If it is something embarassing you could ask HR to not disclose the nature of the illness to anyone.  Your manager only needs to know you are legitimately sick, he/she doesnt need to know the nature of the illness but I expect HR does need to see the sick cert.


----------



## Booh (1 Aug 2007)

*Re: Reason for Sick Leave*

Thanks for the replies. It's nothing embarassing thankfully but I do consider my medical history and condition to be personal and private. 
It does not interfere with my work (other than this modest period of sick leave). I would like to hand over my sick note which just states that I was unfit for work for the period, say I'm fine now and let that be that. I would rather not have to divulge why I required medical attention. But I don't want to seem evasive either.


----------



## Trish2006 (1 Aug 2007)

*Re: Reason for Sick Leave*

I had an issue a few years ago where my dr filled out a different illness on my cert. We thought I was pregnant (false positives DO exist) and having a miscarriage when that time of the month came round, but after a trip to the hospital preceded by a couple of days bed rest it turns out that it was just nature taking its course and I wasn't pregnant in the first place. My gp asked what I'd like her to put on the cert. We went with a stomach bug. It was quite a personal ordeal and not something I wanted to get into with HR (and she would have asked about it, noone else knew and I wanted it to stay that way), and it would also let them know that I was trying to conceive which is also something most women do not want their workplace to know about. Perhaps if you explain the situation to your gp he/she may be accomodating. As long as you were actually ill and unable to work I don't see that the company were deceived just by not knowing exactly why you were sick.


----------



## lightswitch (1 Aug 2007)

*Re: Reason for Sick Leave*

Ask your doctor to put down viral infection or a back problem.  This happens all the time and most GPs will have no problem with it.


----------



## Thirsty (1 Aug 2007)

*Re: Reason for Sick Leave*

GP is certifying that you are unfit for work, employer does not have a legal entitlement to get exact details.  However, your employer will most likely have guidelines in place whereby if you have x number of days in sick leave over y period of time they may require you to attend a company dr to assess your future ability to continue to do the job and at this point the exact nature of your illness will be available to them.


----------



## scudder (2 Aug 2007)

*Re: Reason for Sick Leave*

Your employer has no legal entitlement to enquire as to the nature of your illness.  We had someone off work for quite some time who provided a generic sick leave note from the doctor.  We were not legally entitled to ask what the problem actually was.


----------



## MidlandsBase (2 Aug 2007)

*Re: Reason for Sick Leave*



scudder said:


> Your employer has no legal entitlement to enquire as to the nature of your illness. We had someone off work for quite some time who provided a generic sick leave note from the doctor. We were not legally entitled to ask what the problem actually was.


 
Would it not depend on the business you work in? If you handle food as part of your job it is an offence under law not to notify the owner, manager or senior person on duty of any notifiable conditions such as diarrohoea, vomiting and infected skin surfaces or to attempt to conceal their symptons in any way. Of course it can covered generically by the doctor that the person returning is fit for work AND is able to handle food. This is specifcally required for food outlets. I know as part of HACCP there is a requirement to have a Return to Work questionnaire (to be filled in when returning from holidays) and asks specifically did the employee suffer from a list of 7 items during their holiday. It also asks where did the employee holiday. I was present at an audit before where a member of the HSE asked for these forms to see they were being complied with.


----------



## RainyDay (3 Aug 2007)

*Re: Reason for Sick Leave*



lightswitch said:


> Ask your doctor to put down viral infection or a back problem.  This happens all the time and most GPs will have no problem with it.
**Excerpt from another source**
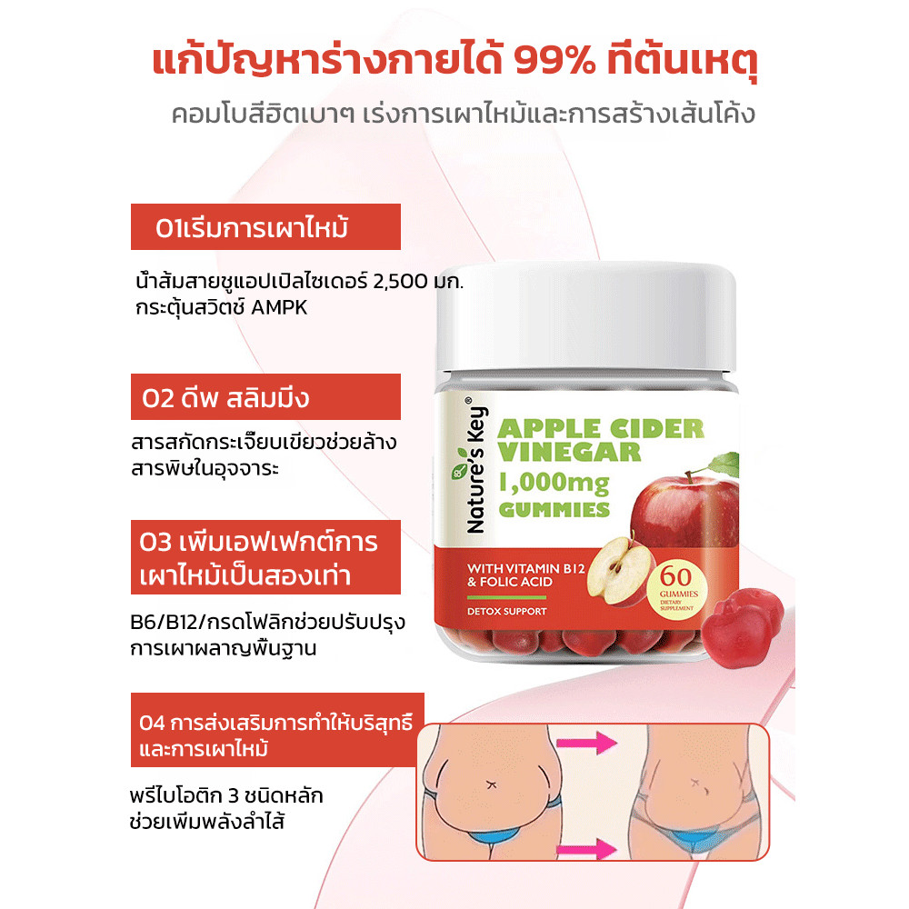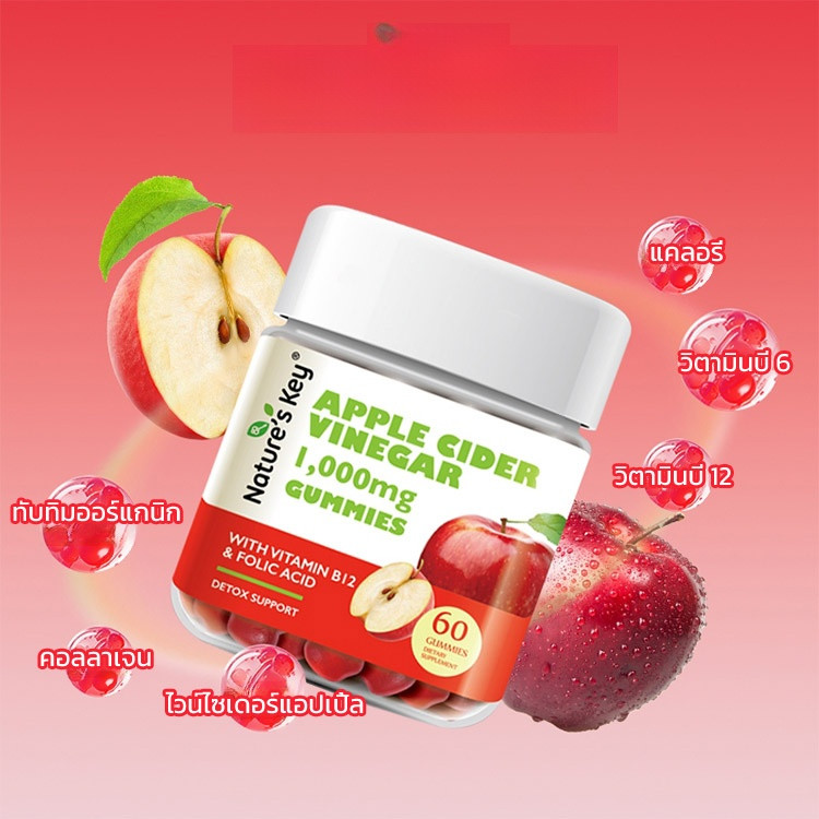 Apple Cider Vinegar Gummy อาหารเสริมน้ำส้มสายชูแอปเปิล ช่วยดูแลรูปร่าง บำรุงร่างกาย 60 แคปซูล

Couldn't this come back to haunt the GP if there is a pattern of illness? Surely the GP has a professional responsibility to be honest and truthful on a signed document like this?

I can imagine a GP being vague, but it seems strange to me that they would write down an outright lie and put their signature at the end.



Booh said:


> Thanks for the replies. It's nothing embarassing thankfully but I do consider my medical history and condition to be personal and private.
> It does not interfere with my work (other than this modest period of sick leave). I would like to hand over my sick note which just states that I was unfit for work for the period, say I'm fine now and let that be that. I would rather not have to divulge why I required medical attention. But I don't want to seem evasive either.



Note that it should not be a face-to-face issue for you. You just hand over your sick note which will have your doc's explanation of the illness. You shouldn't be asked further questions, and if you are, just refer them to your sick note.


----------



## ClubMan (3 Aug 2007)

*Re: Reason for Sick Leave*



RainyDay said:


> I can imagine a GP being vague, but it seems strange to me that they would write down an outright lie and put their signature at the end.


My _GP _did in the past. He asked me at the time for my opinion but I wasn't really in a position/condition at the time to worry about what he wrote on a piece of paper. I am happy to this day that he had my best interests at heart and I still attend him. I doubt that anything he wrote could ever be established as a lie given the rules that govern patient/doctor confidentiality?


----------



## RainyDay (3 Aug 2007)

*Re: Reason for Sick Leave*

I presume that any legal inquiry into the doctor's actions (such as a Medical Council Fitness to Practice inquiry) would override patient/doctor confidentiality. I can't see how any such inquiry could operate without getting down to the details.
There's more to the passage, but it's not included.